I understand exactly where you're coming from. At work I use multimillions 
worth of bleeding edge blade hardware in our $50,000,000 datacenter deployment 
but at home I play around with Xen on my ASUS X58-based system.
I think some people cannot differentiate need from desire. I am running more or 
less your setup in one of my Xen deployments. I'm not sure what George has 
against Debian but thats what I've been relying on in production since 1997 and 
I've run just about every operating system known to man at some time or another.

Anyway...

You may or may not realise that there is a distinction between XCP and the 
XCP-derived XAPI tool stack.
It is the XAPI tool stack that you would install on a Debian machine. XCP on 
the other hand is a prefabricated open-source equivalent of XenServer.
XCP is actually the whole box and dice, so when you install XCP from the ISO, 
it installs a complete operating system (based on CentOS) along with some 
Citrix-patched components (such as their own modified LVM) and the canonical 
XAPI tool stack.
Once you edit the management interface IP configuration you have a working 
XenServer clone (albeit without the pay-to-play features).
This is the simplest idiot-proof way to play with a Xen-hypervisor system.

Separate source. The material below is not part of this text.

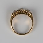 A gold ring, mounted with a row of three principal cushion cut diamonds, the principal diamond mounted at the centre, further set with two pairs of smaller cushion cut diamonds, the mount decorated with scroll pierced sides, weight 4.6g, detailed '18 West & Son', ring size approx M.
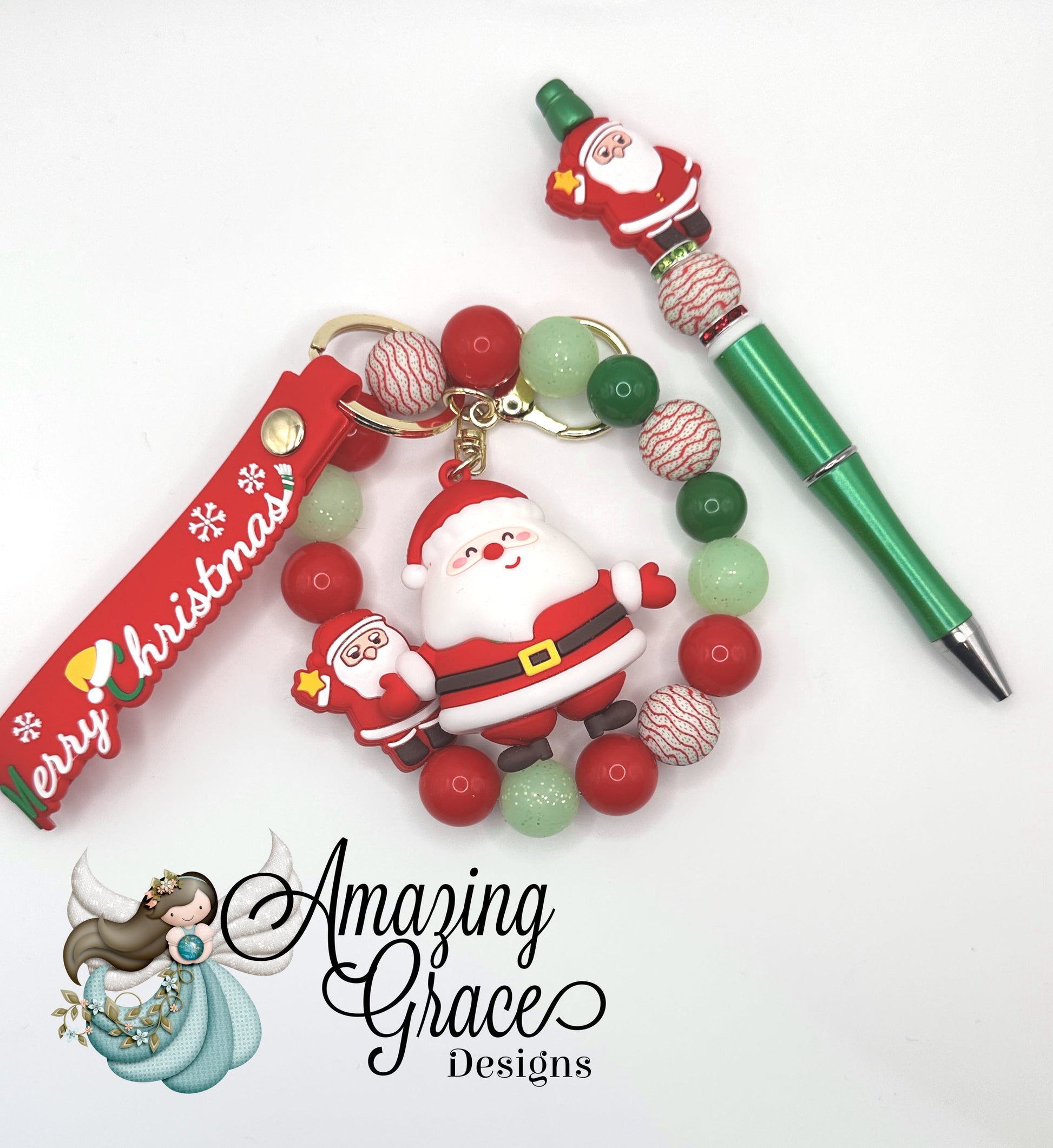 Ho-ho-holiday spirit is here! Brighten your season with this whimsical Jolly Santa pen and matching multi-charm wristlet set. Decked out in festive reds and greens, complete with adorable Santa figures and a "Merry Christmas" strap, this delightful duo makes holiday notes sparkle and keeps your keys perfectly festive and handy!

If you are a masochist like myself, you may prefer to more deeply understand 
how things work or you may just have a personal idea of how a cluster of 
machines should operate which differs significantly from those of the guys at 
Citrix.
Either way, through the work of some Citrix employees, the XAPI tool stack is 
in the process of being ported to Linux distributions other than XCP, Debian 
being the first targeted.
I say "in the process" because it is far from ready for production (or even 
home use) unless you want to really get your hands dirty. It's an active 
project (known as Kronos) but I'd say about 50% of it plain doesn't work yet.

Now to your actual issue.

You already know that the "RAID" on your mainboard is bogus. No need to harp on 
that except maybe to the marketing people who continue to mislead everyone.
You've researched Linux software RAID but now you're stuck. If you really MUST 
have RAID then XCP may be forced to do it but upgrades may be problematic.
XCP is after all just CentOS anyway and you can boot CentOS from a software 
RAID volume.

If you MUST use Debian you need to know about some issues booting from a 
software RAID volume on more recent Debian versions. There is a fairly well 
known (by sufferers) race condition during boot involving LVM and the MD 
subsystem where subsequent steps in the boot sequence do not wait long enough 
for the device mapper to build the RAID set before attempting to mount the root 
filesystem. This results in the boot failing with messages about a non-existent 
root filesystem partition. The workaround is involved and you need persist with 
applying it only if you really want to use Debian instead of XCP.
CentOS may exhibit the same behaviour - I don't use it myself so I can't advise 
you there. If it does, then the workaround for it will be as for Debian.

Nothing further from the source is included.